Я открываю глаза, чувствуя, как по щеке медленно стекает слеза. Это не горе — просто замёрзшая влага, просачивающаяся сквозь кожу. Рядом, на полу, валяются обрывки мыслей о доме, о тепле, о ком-то, кто мог бы протянуть руку помощи. Но реальность снова возвращает меня к тому, что я одна. Абсолютно одна.

С трудом поднимаюсь, ощущая хруст в суставах. Печь давно погасла, но угли ещё тёплые. Я добавляю поленья, наблюдая, как они медленно загораются. Спички лежат в кармане куртки, но они тоже скоро закончатся. Я не знаю, как буду справляться, когда дрова и огонь перестанут быть доступными.

Пока пламя разгорается, я беру кастрюлю, которую нашла здесь и выхожу наружу. Воздух морозный, обжигает лёгкие, но здесь легче дышать, чем в запертой хижине. Под ногами хрустит снег, мягкий, как свежая вата. Я нагибаюсь, зачерпываю горсть и кладу её в кастрюлю. Снег сверкает под солнечными лучами, будто кто-то рассыпал тысячи крошечных бриллиантов. Кажется, что даже такая простая вещь, как снег, может быть красивой.

Вернувшись в хижину, ставлю кастрюлю на огонь. Снег начинает медленно таять, превращаясь в серую лужицу. Я бросаю туда пару засушенных ягод. Компот из двух ягод. Почти смешно. Но это лучше, чем ничего. Пока вода согревается, я достаю кусок хлеба. Он жёсткий, как камень, но, отломив маленький кусок, я медленно начинаю жевать. Это не еда, это лишь способ напомнить себе, что я ещё жива.

Тёплая жидкость обжигает губы, но приятно согревает внутри. Я допиваю её до последней капли, чувствуя, как силы начинают немного возвращаться. Банку консервов я оставляю на потом. Это последнее, что у меня есть, и я не могу позволить себе роскошь открыть её сейчас.

Я поднимаюсь, застёгиваю куртку и снова смотрю на дверь. Лес зовёт. Или это я слышу шёпот своего страха? Всё равно, я не могу оставаться здесь. Рюкзак за спиной кажется слишком тяжёлым, но это всего лишь моё измождённое тело говорит. Я знаю: всё, что в нём лежит, мне жизненно необходимо.

Я выхожу из хижины, придерживая дверь, чтобы она не хлопнула. Вокруг меня тишина, прерываемая только хрустом снега под ногами. Лес дышит спокойствием, но в этом спокойствии что-то настораживает. Каждый шаг кажется слишком громким, слишком явным. Я стараюсь идти осторожно, чтобы звуки моих движений не привлекли внимания.

День выдался серым, но не слишком холодным. Снег идёт медленно, крупные хлопья кружатся в воздухе, прилипая к моим волосам и куртке. Я натягиваю шапку вниз, чувствуя, как она закрывает часть обзора. Теперь я вижу только то, что передо мной.

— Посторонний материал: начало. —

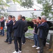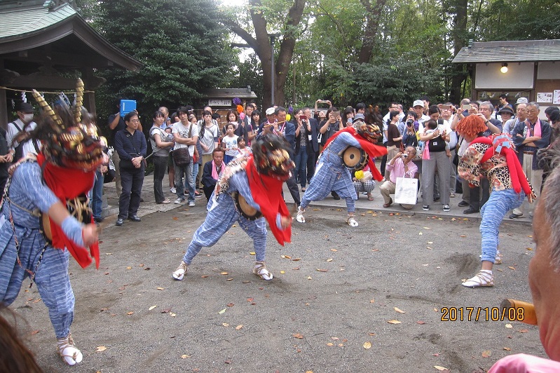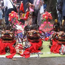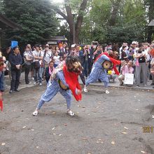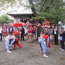 「牛込獅子舞」は「驚神社」の秋の例大祭に奉納されますが、前日には「神明社」でも奉納されます。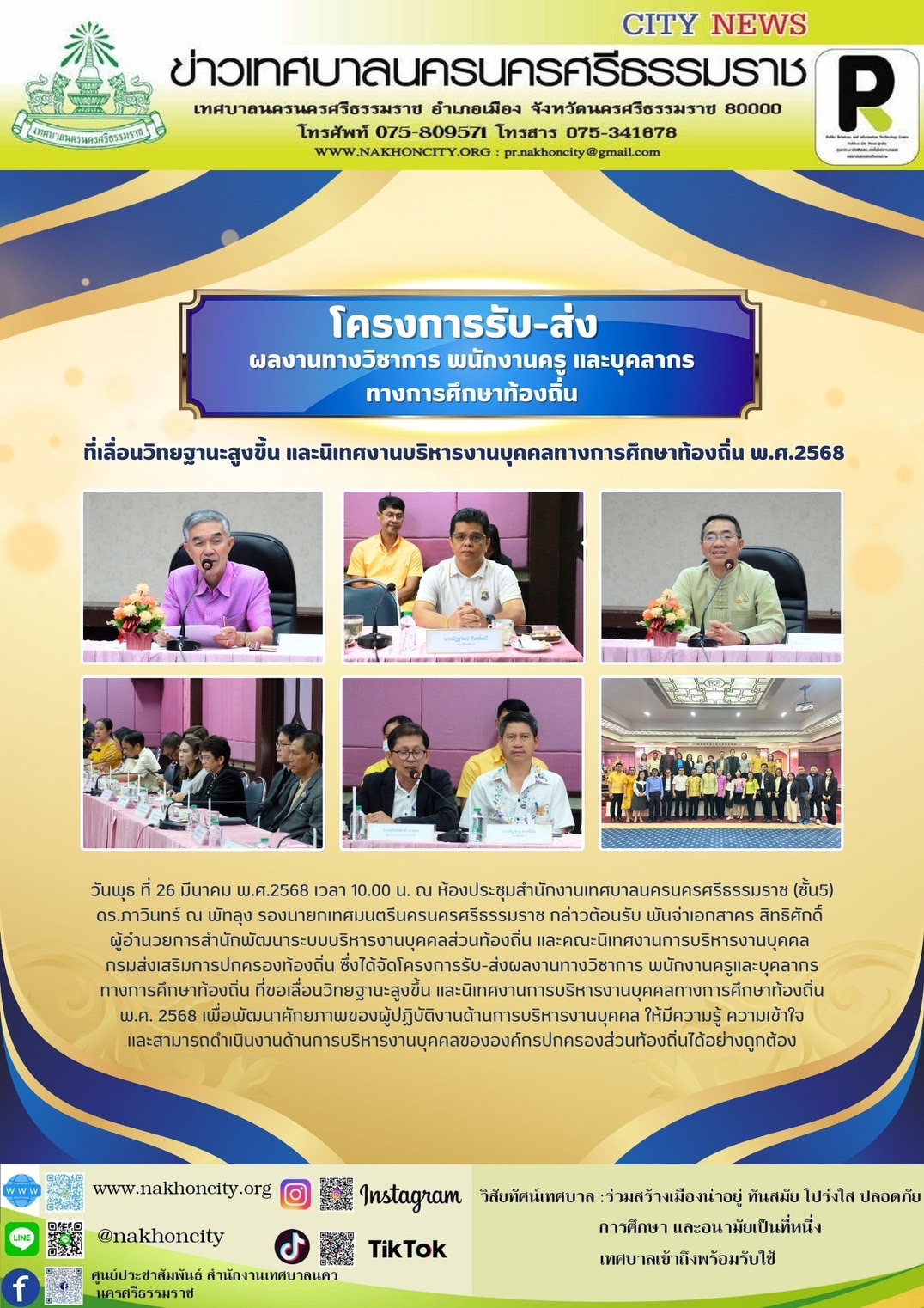 | วันพุธ ที่ 26 มีนาคม พ.ศ.2568 เวลา 10.00 น. ณ ห้องประชุมสำนักงานเทศบาลนครนครศรีธรรมราช (ชั้น5) ภาพ//ข่าว//ไกรสิทธิ//เจนจิรา//ปัญชนา(นักศึกษาฝึกงาน) |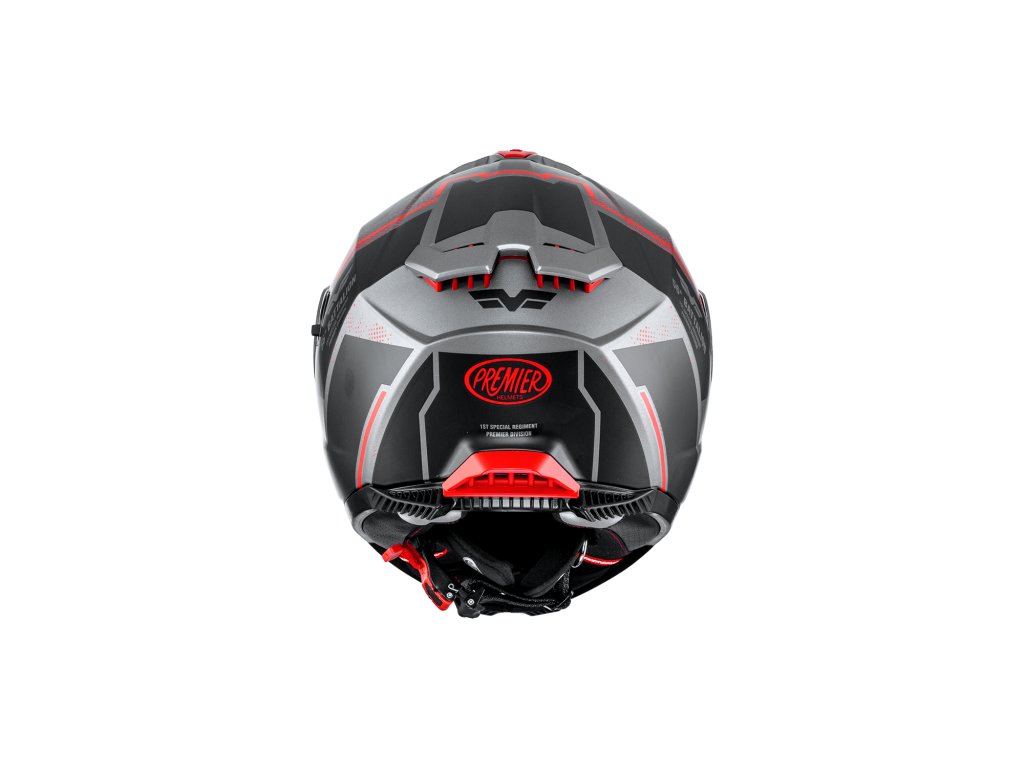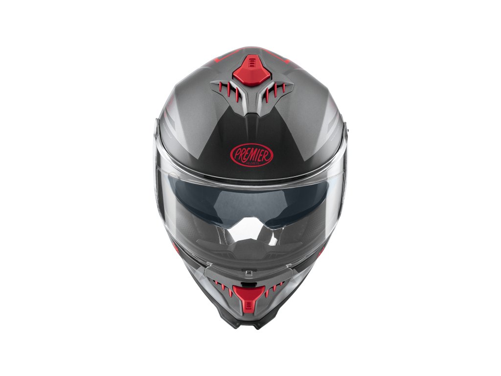 - Integrální helma PREMIER z kolekce TYPHOON používá dvě velikosti forem skořepiny pro zvýšení výkonu v závislosti na zvolené velikosti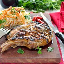 The pork is pictured with my Simple Asian Noodle Salad, a light, refreshing salad that’s fast to make and matches perfectly with this pork chop. Or try this with a side of Asian Slaw with Coconut Rice or a Cilantro Coconut Lime Rice! – Nagi x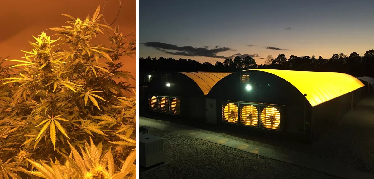 A pudgy man in a white lab coat, protective goggles, and a white hardhat ambles down several long rows of potted marijuana plants. An industrial A/C unit cranks frigid air into the capacious grow room, located inside a 300,000-square-foot warehouse just outside Tallahassee, while an array of high-pressure sodium lights bathes the indoor crop in a sunny, golden hue.

Хижина остаётся позади. Я запоминаю её: небольшая, почти утопающая в снегу, с накренившейся трубой, из которой больше не идёт дым. Её очертания начинают растворяться между стволами деревьев, и я инстинктивно оглядываюсь, чтобы убедиться, что ещё могу её различить. Но чем дальше я иду, тем сильнее понимаю, как легко можно заблудиться.

Я останавливаюсь, делаю глубокий вдох и решаюсь осмотреть местность. Здесь нельзя бежать — каждая ошибка может стоить слишком дорого. Я поднимаю глаза и оглядываю верхушки деревьев. Ветки плотно сплетаются друг с другом, образуя будто замерший зелёный свод. Они качаются от слабого ветра, и я замечаю, как некоторые шапки снега падают, превращаясь в мелкую снежную пыль.

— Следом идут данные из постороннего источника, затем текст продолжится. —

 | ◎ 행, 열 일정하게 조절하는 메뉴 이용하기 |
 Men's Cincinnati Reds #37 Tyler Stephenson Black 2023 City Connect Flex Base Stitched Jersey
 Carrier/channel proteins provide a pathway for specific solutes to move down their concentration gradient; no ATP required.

Я присаживаюсь на корточки, разглядывая следы, которые оставила за собой. Они ведут прямо к хижине. Хорошо. Пока я знаю, откуда пришла. Я достаю нож, который забрала из дома пленителей, и делаю зарубку на дереве. Её едва видно из-за коры, но мне важно знать, что этот путь можно узнать по метке.

Я решаю идти вправо от хижины, следуя тому, что кажется логичным направлением. Мои ноги утопают в сугробах, и я вынуждена идти медленно. Ощущение, что я продираюсь сквозь густую материю, не покидает. Каждый шаг отнимает силы.

Через пару часов блужданий мне начинает казаться, что деревья сговорились. Они все одинаковые. Высокие, молчаливые, и все как один смотрят на меня сверху вниз, как свидетели моего отчаяния. Я нахожу ещё одно высокое дерево, отмечаю его ножом и делаю глоток воды из бутылки, чтобы освежить пересохшее горло.

Лес всё такой же бесконечный. Он словно смеётся надо мной. Время тянется, ноги начинают ныть. Снова снег, снег, и ещё снег. Но вот что-то меняет ритм окружающего пространства. Я замечаю следы — маленькие, аккуратные, похожие на отпечатки лап. Они тянутся к густым кустам и исчезают где-то дальше. Я замедляюсь, прислушиваясь. Тишина вокруг становится угнетающей.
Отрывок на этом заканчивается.